Stored items
□ □ □ □ □
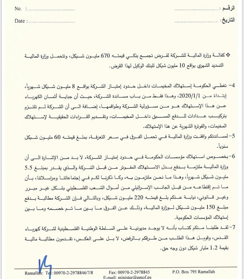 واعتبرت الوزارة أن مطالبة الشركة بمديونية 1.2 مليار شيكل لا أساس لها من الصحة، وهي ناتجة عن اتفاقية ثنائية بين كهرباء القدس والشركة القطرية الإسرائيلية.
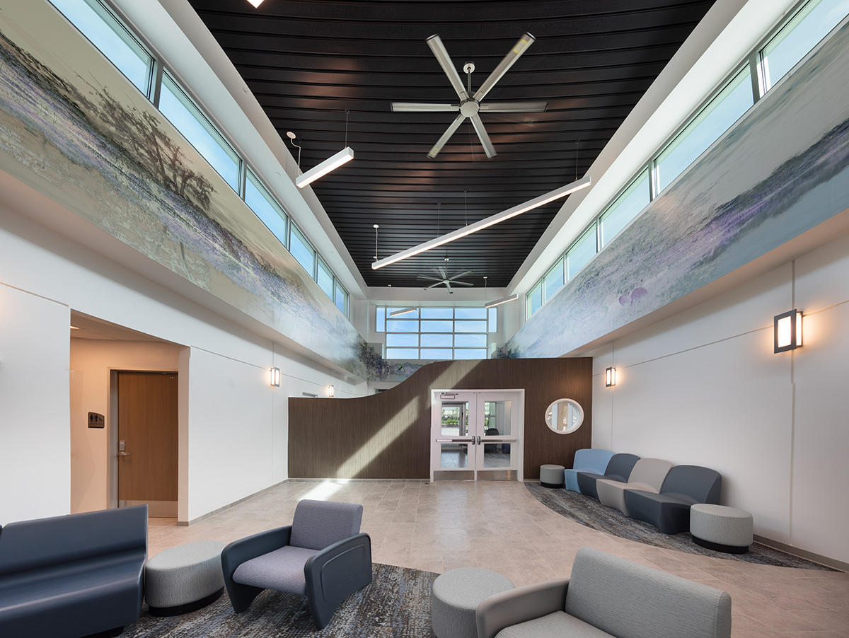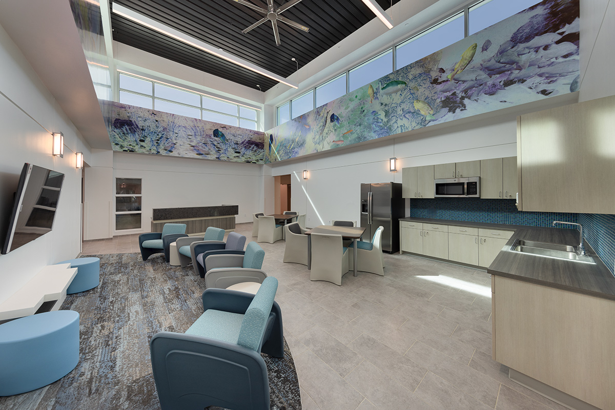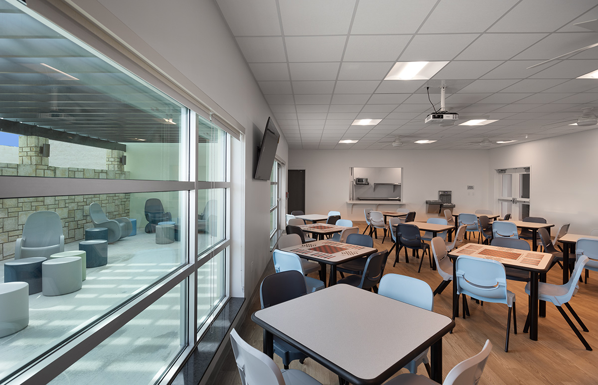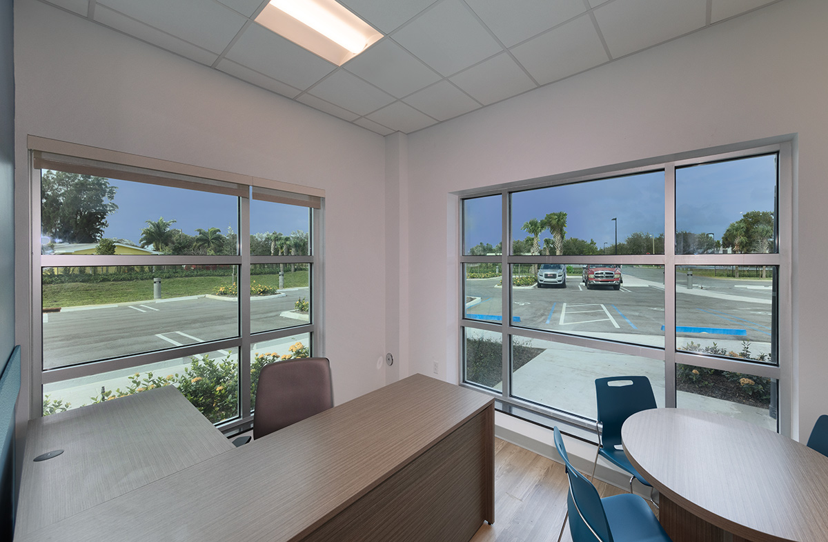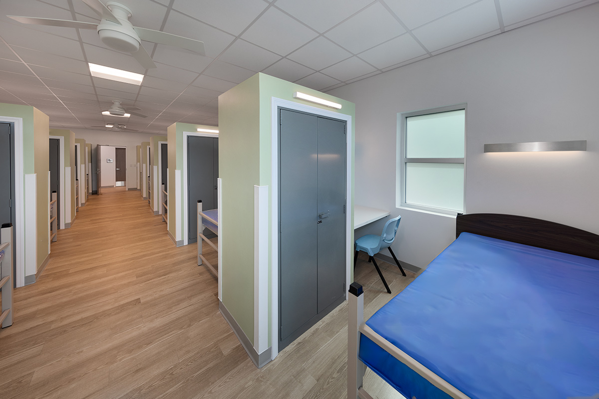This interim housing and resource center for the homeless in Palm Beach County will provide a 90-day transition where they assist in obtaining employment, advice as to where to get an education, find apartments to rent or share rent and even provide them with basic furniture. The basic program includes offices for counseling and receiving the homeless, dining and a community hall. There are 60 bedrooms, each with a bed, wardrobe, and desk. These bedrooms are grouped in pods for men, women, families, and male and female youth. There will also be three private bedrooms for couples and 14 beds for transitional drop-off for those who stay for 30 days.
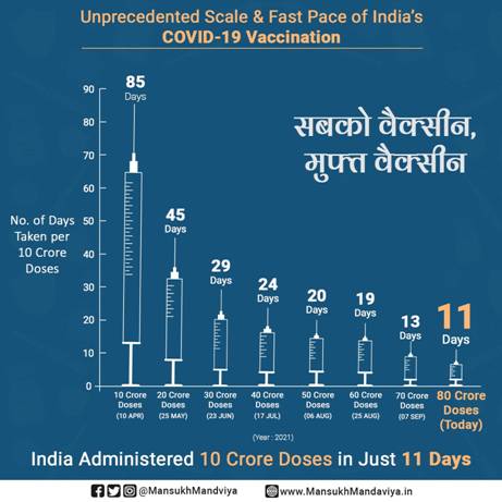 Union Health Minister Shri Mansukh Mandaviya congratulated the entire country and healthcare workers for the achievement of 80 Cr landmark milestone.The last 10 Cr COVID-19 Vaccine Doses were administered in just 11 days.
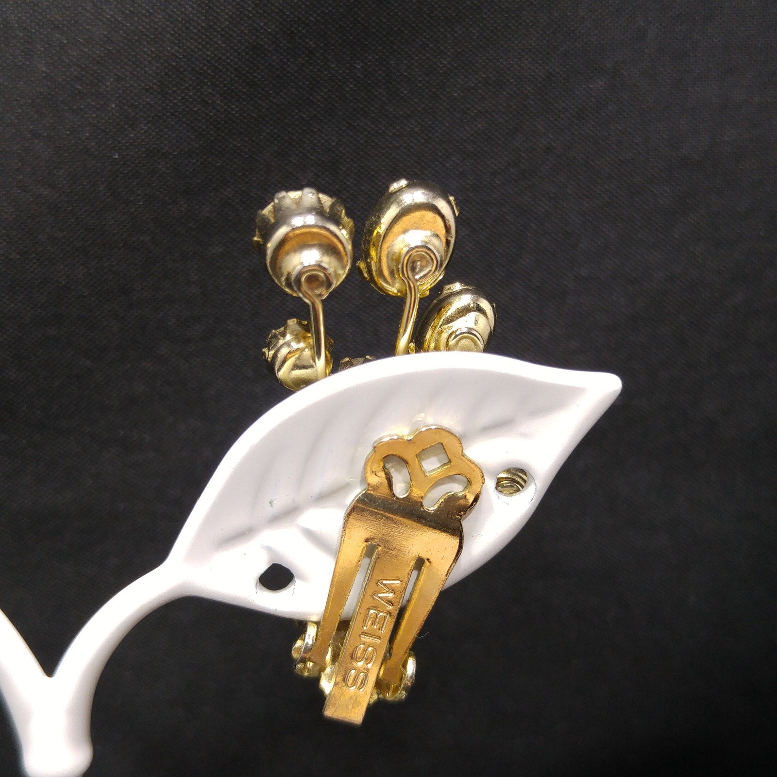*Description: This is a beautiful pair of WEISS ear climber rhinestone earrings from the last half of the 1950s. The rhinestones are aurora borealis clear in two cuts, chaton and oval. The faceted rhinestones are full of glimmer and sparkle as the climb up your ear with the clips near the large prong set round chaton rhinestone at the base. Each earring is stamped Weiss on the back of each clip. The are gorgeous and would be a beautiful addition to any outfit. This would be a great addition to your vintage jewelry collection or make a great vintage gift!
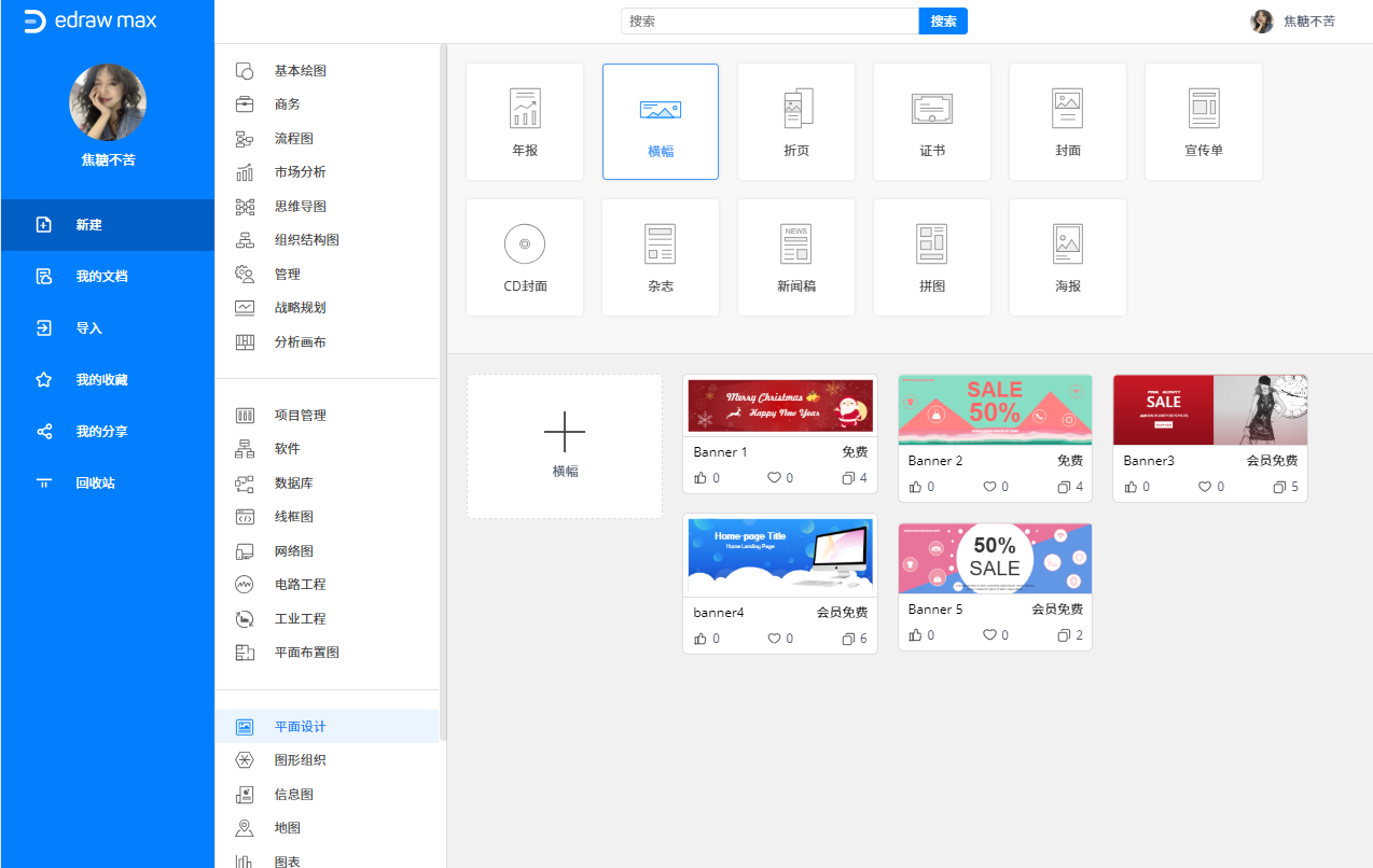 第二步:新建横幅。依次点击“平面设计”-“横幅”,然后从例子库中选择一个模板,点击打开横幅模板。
□ □ □ □ □
EXERCISE PROMPT. Please retype the records above exactly, excluding every picture.

ANSWER TO THIS TASK.
 واعتبرت الوزارة أن مطالبة الشركة بمديونية 1.2 مليار شيكل لا أساس لها من الصحة، وهي ناتجة عن اتفاقية ثنائية بين كهرباء القدس والشركة القطرية الإسرائيلية.
This interim housing and resource center for the homeless in Palm Beach County will provide a 90-day transition where they assist in obtaining employment, advice as to where to get an education, find apartments to rent or share rent and even provide them with basic furniture. The basic program includes offices for counseling and receiving the homeless, dining and a community hall. There are 60 bedrooms, each with a bed, wardrobe, and desk. These bedrooms are grouped in pods for men, women, families, and male and female youth. There will also be three private bedrooms for couples and 14 beds for transitional drop-off for those who stay for 30 days.
 Union Health Minister Shri Mansukh Mandaviya congratulated the entire country and healthcare workers for the achievement of 80 Cr landmark milestone.The last 10 Cr COVID-19 Vaccine Doses were administered in just 11 days.
*Description: This is a beautiful pair of WEISS ear climber rhinestone earrings from the last half of the 1950s. The rhinestones are aurora borealis clear in two cuts, chaton and oval. The faceted rhinestones are full of glimmer and sparkle as the climb up your ear with the clips near the large prong set round chaton rhinestone at the base. Each earring is stamped Weiss on the back of each clip. The are gorgeous and would be a beautiful addition to any outfit. This would be a great addition to your vintage jewelry collection or make a great vintage gift!
 第二步:新建横幅。依次点击“平面设计”-“横幅”,然后从例子库中选择一个模板,点击打开横幅模板。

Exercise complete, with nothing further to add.